Brewing in MySQL Cluster 7.2.x

Admittedly MySQL Cluster have some way to go before monitoring becomes best in class. But, we are progressing!
In 7.1 we introduced NDBINFO, which is an infrastructure that enables presenting information from within the cluster in SQL format.
And here are a 4 new tables that are currently brewing

ndbinfo.transactions and ndbinfo.operations
mysql> select COLUMN_NAME, DATA_TYPE, COLUMN_COMMENT from information_schema.columns where TABLE_NAME = 'ndb$transactions';
+----------------+-----------+---------------------------------+
| COLUMN_NAME    | DATA_TYPE | COLUMN_COMMENT                  |
+----------------+-----------+---------------------------------+
| node_id        | int       | node id                         |
| block_instance | int       | TC instance no                  |
| objid          | int       | Object id of transaction object |
| apiref         | int       | API reference                   |
| transid        | varchar   | Transaction id                  |
| state          | int       | Transaction state               |
| flags          | int       | Transaction flags               |
| c_ops          | int       | No of operations in transaction |
| outstanding    | int       | Currently outstanding request   |
| timer          | int       | Timer (seconds)                 |
+----------------+-----------+---------------------------------+
mysql> select COLUMN_NAME, DATA_TYPE, COLUMN_COMMENT from information_schema.columns where TABLE_NAME = 'ndb$operations';
+----------------+-----------+-------------------------------+
| COLUMN_NAME    | DATA_TYPE | COLUMN_COMMENT                |
+----------------+-----------+-------------------------------+
| node_id        | int       | node id                       |
| block_instance | int       | LQH instance no               |
| objid          | int       | Object id of operation object |
| tcref          | int       | TC reference                  |
| apiref         | int       | API reference                 |
| transid        | varchar   | Transaction id                |
| tableid        | int       | Table id                      |
| fragmentid     | int       | Fragment id                   |
| op             | int       | Operation type                |
| state          | int       | Operation state               |
| flags          | int       | Operation flags               |
+----------------+-----------+-------------------------------+
  • these two tables show currently ongoing transactions resp. currently ongoing operations.
  • ndbinfo.transactions roughly corresponds to information_schema.INNODB_TRX
  • ndbinfo.operations roughly corresponds to information_schema.INNODB_LOCKS
  • the information provided is collected without any kind of locks
  • the information provided is collected by iterating internal data-structures. Hence output does not necessarily represent a state that has existed (i.e not a snapshot)

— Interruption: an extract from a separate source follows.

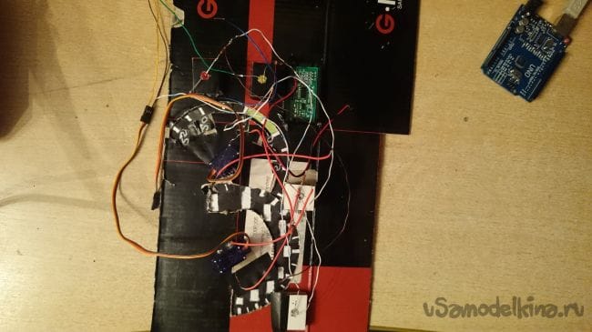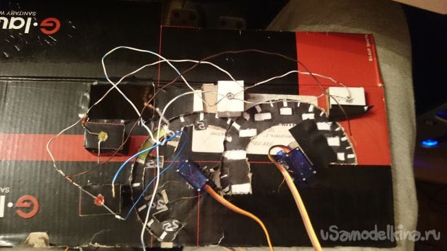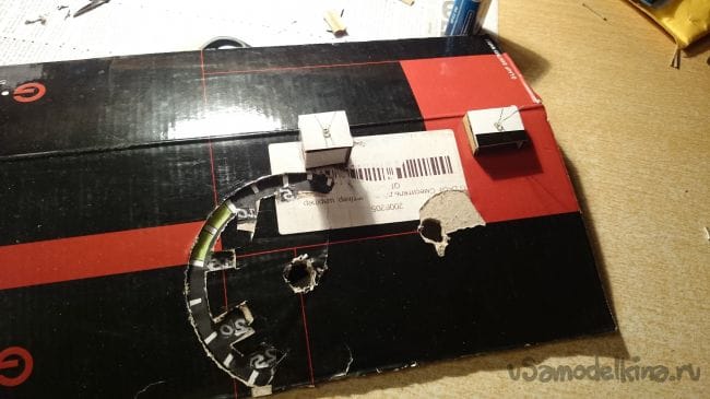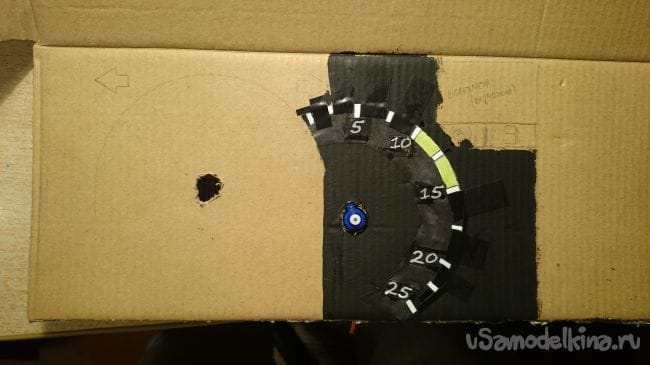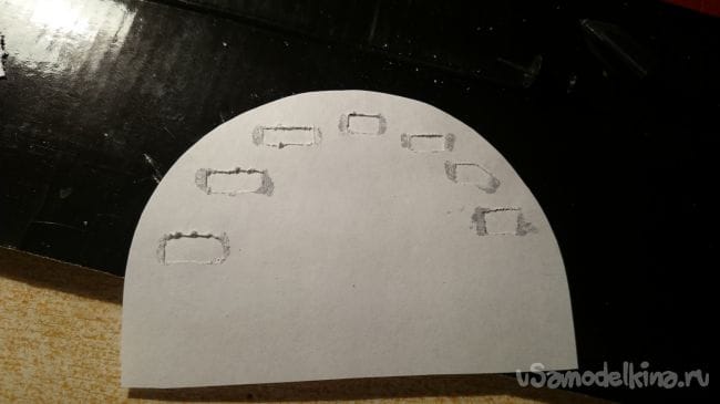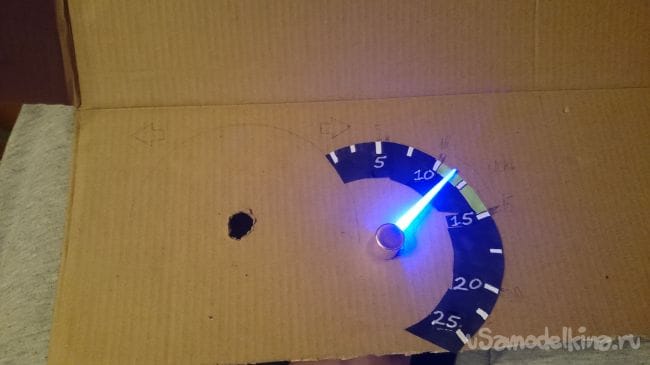 Для того чтобы ее потом можно было одеть на ось сервомотора, я вырезал из плотного картона лепешку, проделал в ней да отверстия под проволоку-выводы для подсветки стрелок, и по центру отверстие для крепления на ось мотора:

one missing piece of this puzzle is how to map a ndb transaction id, to a mysql connection id.
when (if?) this information is available, one could e.g join information_schema.processlist with ndbinfo.operations too see locks are being held by a certain connection. (suggestion on how to gather/expose this is welcome).

ndbinfo.threadblocks and ndbinfo.threadstat
mysql> select COLUMN_NAME, DATA_TYPE, COLUMN_COMMENT from information_schema.columns where TABLE_NAME = 'ndb$threadblocks';
+----------------+-----------+----------------+
| COLUMN_NAME    | DATA_TYPE | COLUMN_COMMENT |
+----------------+-----------+----------------+
| node_id        | int       | node id        |
| thr_no         | int       | thread number  |
| block_number   | int       | block number   |
| block_instance | int       | block instance |
+----------------+-----------+----------------+

mysql> select COLUMN_NAME, DATA_TYPE, COLUMN_COMMENT from information_schema.columns where TABLE_NAME = 'ndb$threadstat';
+----------------+-----------+------------------------------------------+
| COLUMN_NAME    | DATA_TYPE | COLUMN_COMMENT                           |
+----------------+-----------+------------------------------------------+
| node_id        | int       | node id                                  |
| thr_no         | int       | thread number                            |
| thr_nm         | varchar   | thread name                              |
| c_loop         | bigint    | No of loops in main loop                 |
| c_exec         | bigint    | No of signals executed                   |
| c_wait         | bigint    | No of times waited for more input        |
| c_l_sent_prioa | bigint    | No of prio A signals sent to own node    |
| c_l_sent_priob | bigint    | No of prio B signals sent to own node    |
| c_r_sent_prioa | bigint    | No of prio A signals sent to remote node |
| c_r_sent_priob | bigint    | No of prio B signals sent to remote node |
| os_tid         | bigint    | OS thread id                             |
| os_now         | bigint    | OS gettimeofday (millis)                 |
| os_ru_utime    | bigint    | OS user CPU time (micros)                |
| os_ru_stime    | bigint    | OS system CPU time (micros)              |
| os_ru_minflt   | bigint    | OS page reclaims (soft page faults       |
| os_ru_majflt   | bigint    | OS page faults (hard page faults)        |
| os_ru_nvcsw    | bigint    | OS voluntary context switches            |
| os_ru_nivcsw   | bigint    | OS involuntary context switches          |
+----------------+-----------+------------------------------------------+
these two tables shows currently which blocks run in which thread resp. statistics per thread.
  • the statistics are from data-node started, so to see trend, one need to snapshot table, and compare with snapshot.
  • the fields starting with os_ru_ are gather with getrusage(RUSAGE_THREAD) (or equivalent)
lots of numbers! and I'm honestly not quite sure how to interpret them
a few simple rules might be that (for a non idle cluster)
  • user time should be high and system should be low
  • involuntary context switches should be low
  • page faults should be low

STANDARD DISCLAIMER
  • the exact format of the tables might (will) change before reaching a release
  • it's currently unknown when(if?) they will reach a release near you

Monday, October 10, 2011

new features in MySQL Cluster 7.2.1

  • AQL (aka push down join)
    Further improvements and refinements compared to 7.2.0 from April
  • Index statistics
    A long over due feature, that aims to reduce(minimize) need of manual query tuning that previously has been essential for efficient SQL usage with ndb.
  • memcache access support
  • Active-Active replication enhancements
  • Various internal limits has been increased
    - Max row-size now 14k (previously 8k)
    - Max no of columns in table now 512 (previously 128)
  • Rebase to mysql-5.5 (7.2.1 is based on mysql-5.5.15)
  • Improved support for geographically separated cluster
    (note: single cluster...i.e not using asynchronous replication)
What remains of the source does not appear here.